Bert Morley

Personal information
- Full name: Herbert Morley
- Date of birth: 1 October 1882
- Place of birth: Sheffield, England
- Date of death: 15 July 1957 (aged 74)
- Position: Right-back

Youth career
- Kiveton Park

Senior career*
- Years: Team / Apps / (Gls)
- 1904–1907: Grimsby Town / 93 / (3)
- 1907–1915: Notts County / 258 / (0)

International career
- 1910: England / 1 / (0)

= Bert Morley =

English footballer

Herbert Morley (1 October 1882 – 15 July 1957) was an English professional footballer who played at right-back for Grimsby Town and Notts County in the 1900s and 1910s. He also made one appearance for England in 1910.

==Football career==
Morley was born in Sheffield, but was brought up in the Kiveton Park area of Rotherham, where he played youth football for the local team. His Football League career began when he joined Grimsby Town in August 1904. He remained with Grimsby for three years before moving to Notts County in March 1907.

He stayed at Notts County for eight years during which time they were generally in the lower half of the First Division until they were relegated in 1913. They quickly returned to the top flight, winning the Second Division title in 1913–14. Morley's professional career was ended a year later, when league football was suspended during the First World War.

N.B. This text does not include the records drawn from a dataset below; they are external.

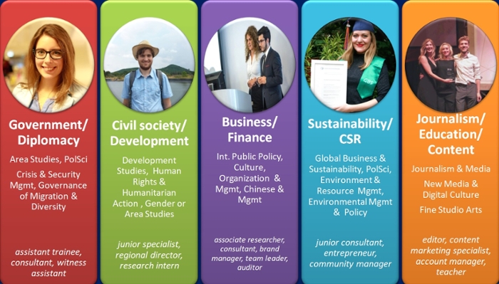 Our first alumni graduated in 2015 and are still early in their career, which means these career paths are by no means fixed. A diverse programme as International Studies results in very diverse career paths as well, so you might create your very own 6th, 7th or 8th path. Please let us know if you think we have overlooked something.
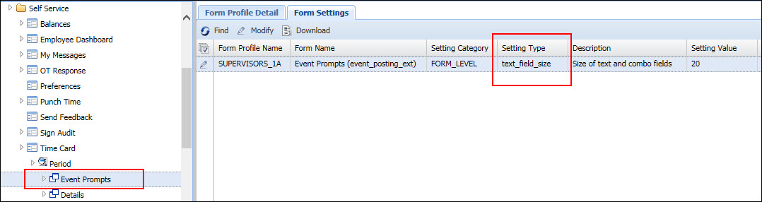 This setting controls the size of the text fields and combo boxes (combination text field and drop-down) in the Event Prompts pop-up form that displays when adding or modifying an event in the timecard.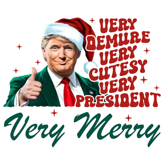A playful holiday-themed graphic featuring a smiling figure in a Santa hat, surrounded by festive text celebrating a "Very Merry" message.DTF Transfers dtf transfers heat press transfers
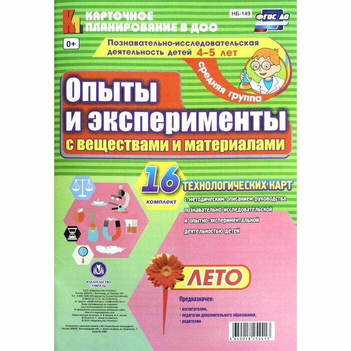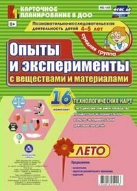 В комплекте 16 технологических карт с методическим описанием руководства познавательно-исследовательской и опытно-экспериментальной деятельностью детей.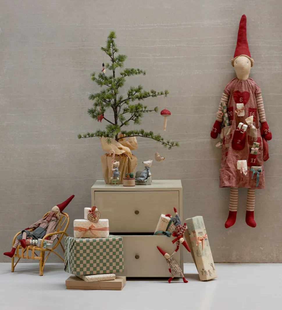 Charmerende Maileg nissedreng med en stribet skjorte i rød og beige, grå bukser med seler samt en rød nissehue og matchende vanter. Nissedrengen skaber et klassisk og hyggeligt udtryk til jul.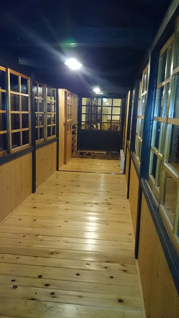 昔の木造校舎を思い出すかのような懐かしい渡り廊下に出ます。

His solitary international appearance came when he was called up in place of Bob Crompton for England against Ireland in the opening match of the 1910 British Home Championship played at the Solitude Ground, Belfast on 12 February 1910. The match ended in a 1–1 draw, with goals from Frank Thompson for Ireland and Harold Fleming for England.

==Later career==
After the war, Morley continued to be associated with Notts County and acted as a scout for several years.